Roma

La storia dell’aristocrazia in una tavolozza

I nobili capitolini del XVII secolo nei ritratti del fiammingo Ferdinand Voet

La storia dell’aristocrazia in una tavolozza

Laura Gigliotti

Era il Boldini del ’600 il fiammingo Ferdinand Voet (1639-1689), il ritrattista alla moda della Roma tardo-barocca. Un pittore galante conteso dalle famiglie nobili romane e dai «milordi» che dal Bel paese volevano portare in patria un ritratto-souvenir, magari in veste da camera, a differenza di Maratta che li vestiva da senatori romani e di Baciccio che trasformava le principesse in matrone. Amato dai Savoia e dalla nobiltà sabauda quando nel 1682 si stabilì in Piemonte e infine dagli aristocratici della corte di Luigi XV a Parigi dove trascorse l’ultima parte della sua vita.
A lanciarlo fu la «Galleria delle belle», una raccolta di ritratti delle più belle dame romane voluta dai Chigi nel 1672 e poi ripresa da altre potenti famiglie nobili come i Colonna, i Savoia, i Massimo. Nel palazzo Chigi di Ariccia in origine c’erano 37 ritratti, tutti di Voet, ma negli anni ’80, prima che il palazzo venisse acquistato dal Comune, un furto decimò la raccolta. Alcuni di essi sono esposti, assieme a opere provenienti da collezioni private e pubbliche, nella mostra Ferdinand Voet, ritrattista di Corte fra Roma e l'Europa del ’600, aperta a Castel Sant’Angelo dal ’26 novembre al ’26 dicembre. È molto rappresentato in collezioni private, ma poco nei musei pubblici, anche perché è stato riscoperto solo in anni recenti. La rassegna, costituita da una quarantina di ritratti, è curata da Francesco Petrucci, conservatore del Palazzo Chigi di Ariccia.
Il primo committente accertato di Voet fu Wilhelm von Furstenberg, nel 1669 l’incontro fatale con la regina Cristina di Svezia, la «Pallade del Nord» che rinuncia al trono, abbraccia il cattolicesimo e fa della sua residenza romana a Palazzo Riario, un centro di cultura e d’arte.
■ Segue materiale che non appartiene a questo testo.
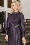 Esilanur Açelya Sarkaçlı Taşlı Tesettür Abiye Mor

Le sue collezioni passate agli Odescalchi saranno vendute al duca di Orléans (i dipinti), e al re di Spagna (le sculture). A Voet Cristina affida la pubblicazione in repliche e varianti della sua immagine. Come quella che la ritrae assisa sul trono con il manto bordato di ermellino e in mano il globo simbolo della regalità.
Vedendo i ritratti di principi, marchesi, cardinali, abati, gentiluomini con colbacchi e turbanti orientaleggianti, di donne dagli attillati e audaci corsetti, con mazzetti di fiori sull’acconciatura, o in abiti vedovili, o in abiti da novizia, come Flavia Virginia Chigi, si ripercorre la storia dell’aristocrazia del XVII secolo, gli intrighi, i matrimoni perché il nome non si estingua.
È in piedi di tre quarti presso una colonna Lorenzo Onofrio Colonna, Connestabile del Regno di Napoli. E fra le donne figurano Olimpia Aldobrandini-Pamphilj, rappresentata in abito nero, privo di gioielli, forse a «mezzo lutto»per la morte del secondo marito, il principe Camillo Pamphilj, l’ex cardinale nipote di Innocenzo X che sposò dopo pochi mesi dalla morte del primo marito, il principe Paolo Borghese, nipote di Paolo V.

Maria Camilla Pallavicini Rospigliosi è raffigurata con un deshabillé rosa che si apre su un’ampia scollatura e «Ortensia Mancini come Cleopatra»vera ispiratrice del cabinet des dames di Voet.